Kooperation und Vernetzung: Die Vernetzungs- und Kooperationstätigkeit der Kemptener Kulturakteure sollen gestärkt und ausgebaut werden.

Partner Kulturverwaltung: Es gilt eine grundsätzliche Prüfung und Überarbeitung des Aufgabenprofils der Kulturverwaltung, die ihr personelles Korsett auch „angesichts eines wachsenden Aufgabenkatalogs“ nach wie vor als „eng geschnürt“ und generell überlastet einstuft.

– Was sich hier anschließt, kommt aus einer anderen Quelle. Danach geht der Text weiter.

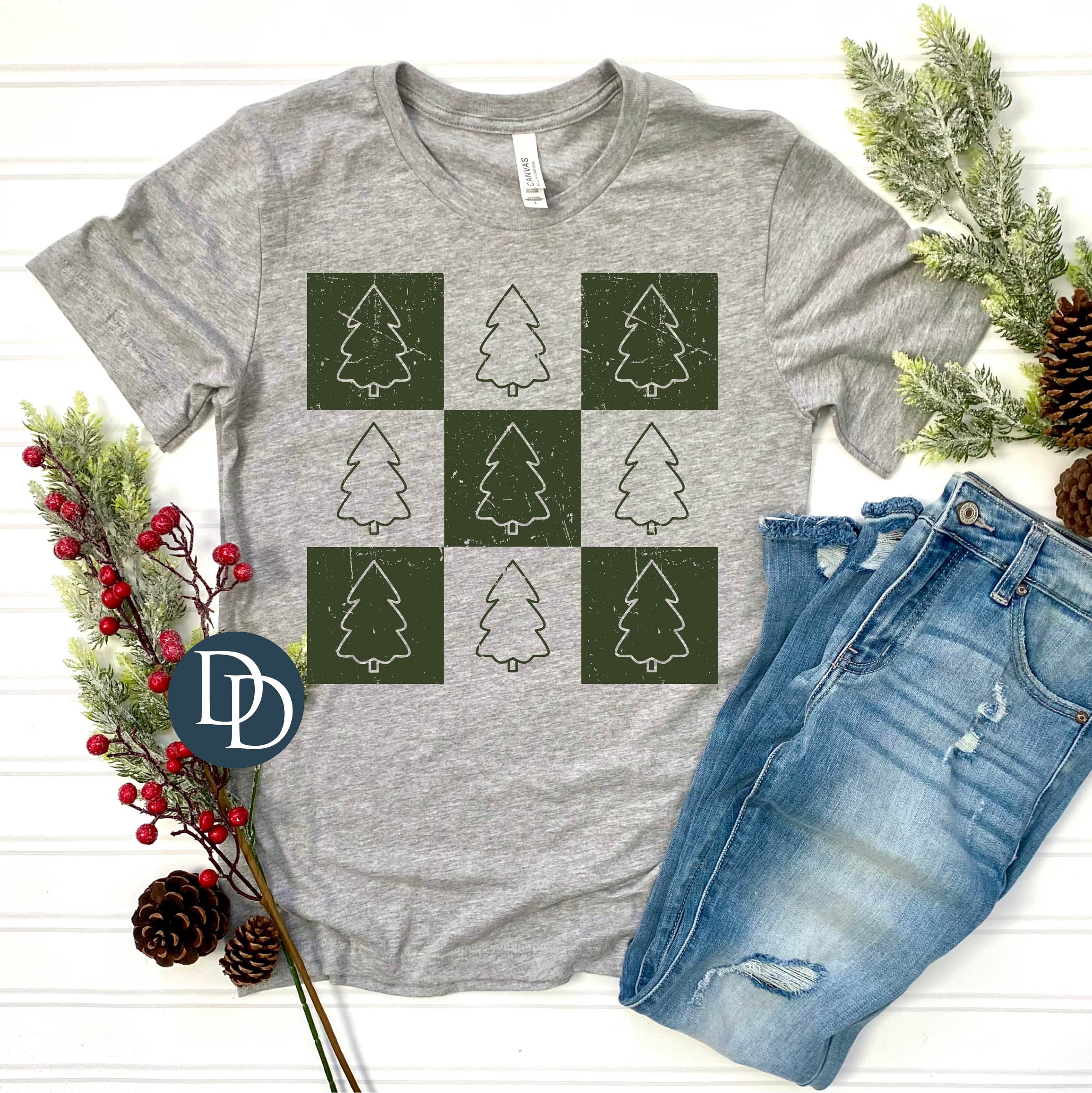 Checkered Christmas Trees (Hunter Green Ink) *Screen Print Transfer*
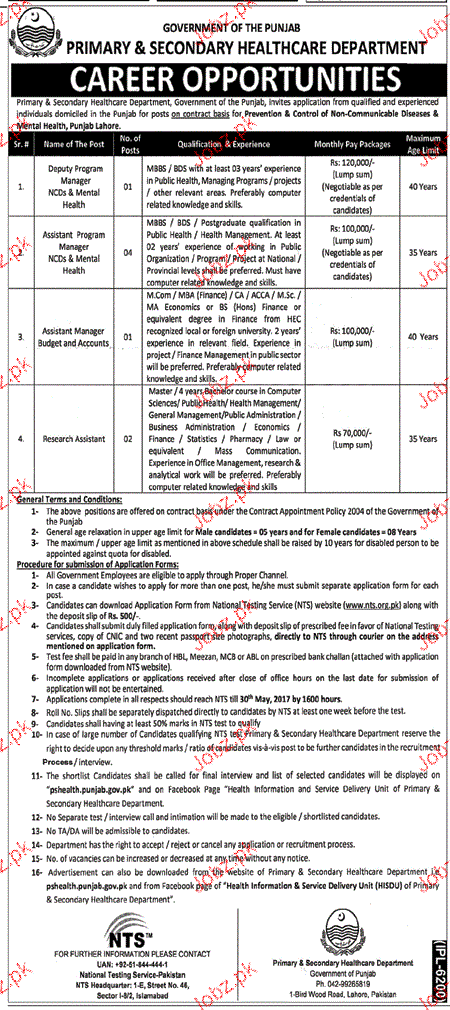 Primary And Secondary Healthcare Department Jobs Through NTS
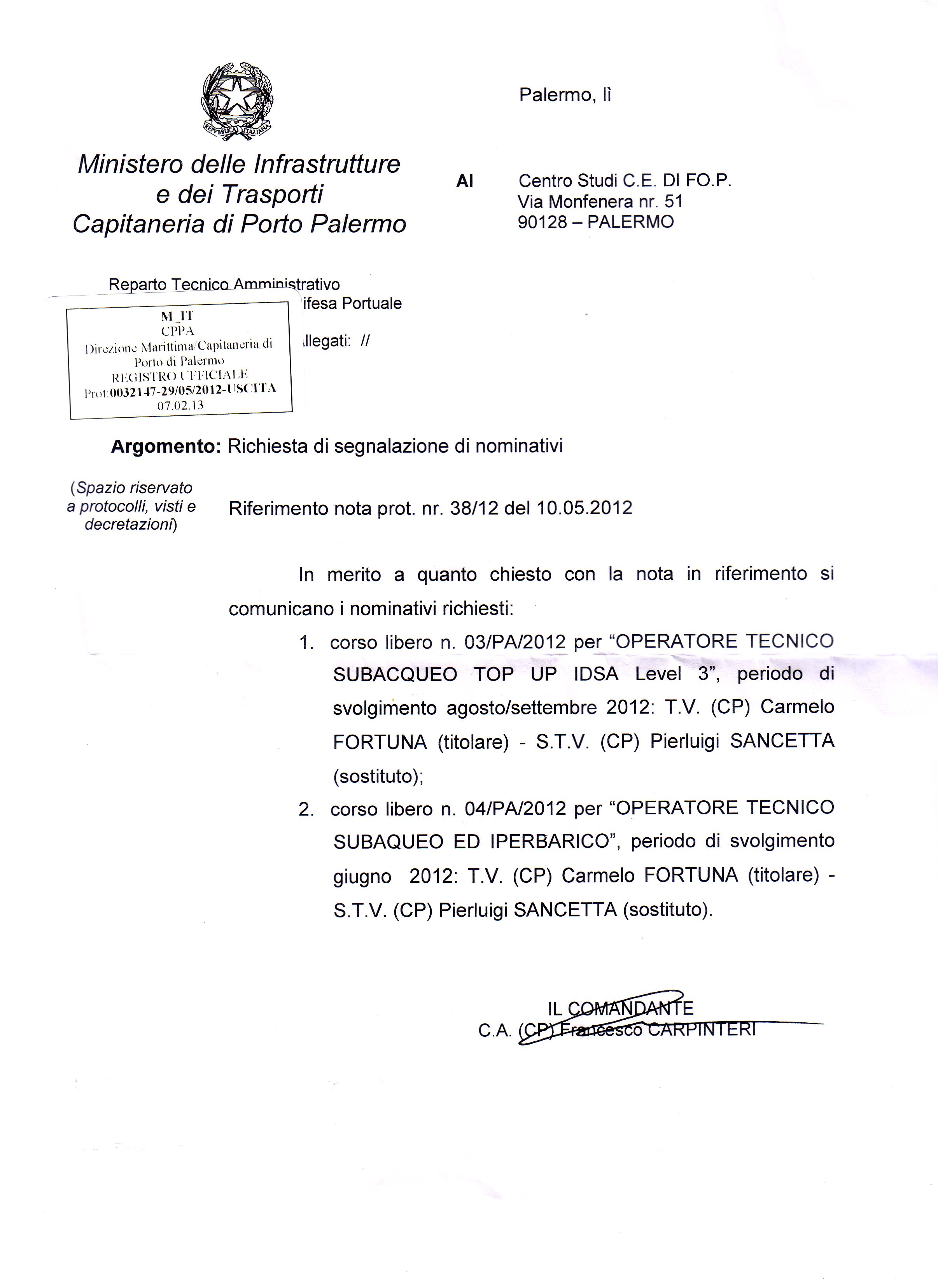Registro Sommozzatori).
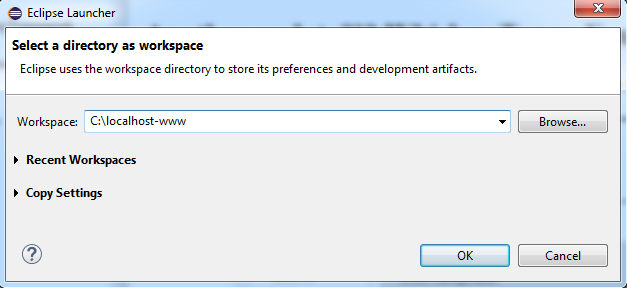 4. The first dialog to be displayed is to Select a directory as workspace. It’s here where we’ll specify our ColdBox folder we created above at C:\localhost-www.
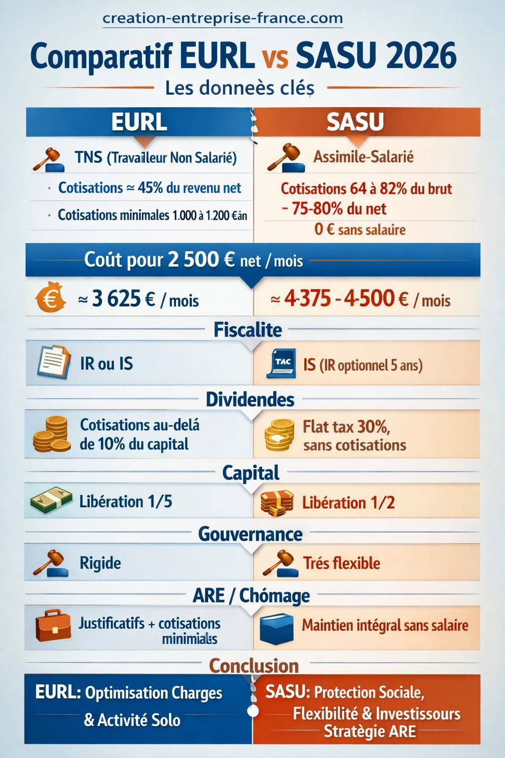 EURL ou SASU en 2026 : résumé comparatif chiffré
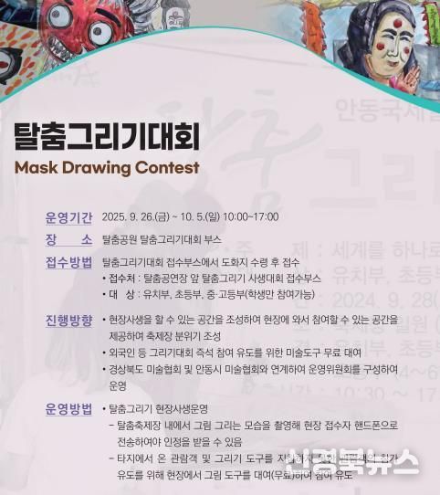 [신경북뉴스] 2025 안동국제탈춤페스티벌에서는 축제 기간 동안 세계탈춤그리기대회가 운영된다.
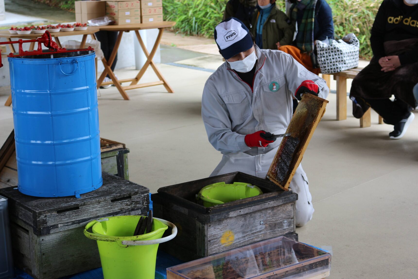 そんなミツバチを取り巻く現状を子どもたちに伝え、ミツバチと自然環境の大切さを感じてもらえるよう、新美南吉記念館横の童話の森で年に一回「童話の森で採蜜体験」を開催しています。多くの親子が実際にミツバチの巣からはちみつが取れる様子を体験したり、実際にとれたてのはちみつを味わったり。
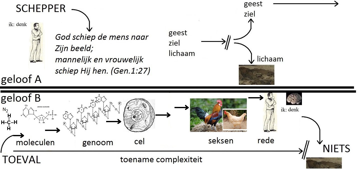 (voor verschil in bewijsvoering zie: <http://bijbelenonderwijs.nl/evolutie-nee/3023/> of <http://www.evolutie.biz/slimme%20vragen.html> )

Darüber hinaus hat sich genreübergreifend die Raumsituation für Kunstschaffende in Kempten als Thema herauskristallisiert. Bis zum Herbstworkshop können unter https://kulturlieferdienst.de/feedbackmodul Anmerkungen zu den einzelnen Handlungsfeldern abgegeben werden. Neu ist auch die mit Sabine Modzel-Hoffmann besetzte Beratungsstelle Kulturförderung im Kulturamt, um Kulturschaffenden bei der Akquise von Fördermitteln unter die Arme zu greifen (Kontakt über https://kulturlieferdienst.de/kulturfoerderung). Zwar kann das fertige Entwicklungskonzept nicht wie ursprünglich geplant diesen Herbst präsentiert werden. Anfang 2021 soll es aber voraussichtlich dann soweit sein, wie seitens des Kulturamts im Ausschuss für Kultur und Stadttheater vergangene Woche angekündigt wurde.